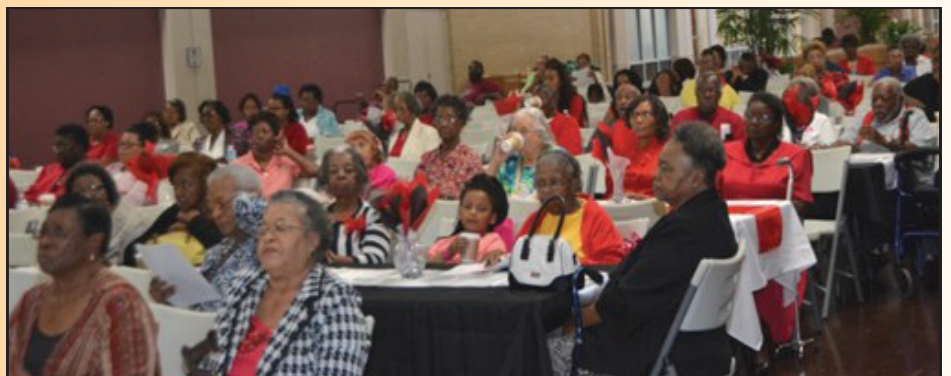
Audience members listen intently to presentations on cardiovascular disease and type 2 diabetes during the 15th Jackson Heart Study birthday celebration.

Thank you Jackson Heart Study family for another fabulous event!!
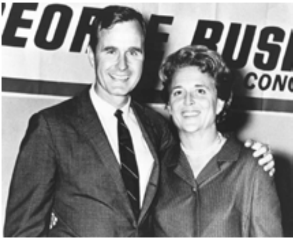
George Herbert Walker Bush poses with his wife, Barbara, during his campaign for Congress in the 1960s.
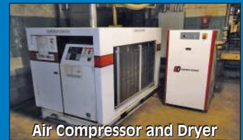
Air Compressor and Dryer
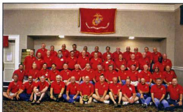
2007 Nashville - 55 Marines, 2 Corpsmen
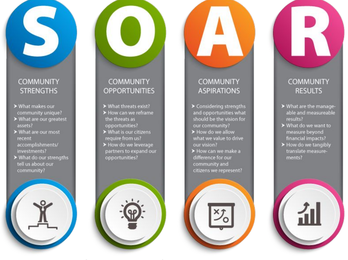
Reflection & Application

Work instruction - From the first line to the last, write out the data exactly, omitting any pictures.

Reply -
Audience members listen intently to presentations on cardiovascular disease and type 2 diabetes during the 15th Jackson Heart Study birthday celebration.

Thank you Jackson Heart Study family for another fabulous event!!
George Herbert Walker Bush poses with his wife, Barbara, during his campaign for Congress in the 1960s.
Air Compressor and Dryer
2007 Nashville - 55 Marines, 2 Corpsmen
Reflection & Application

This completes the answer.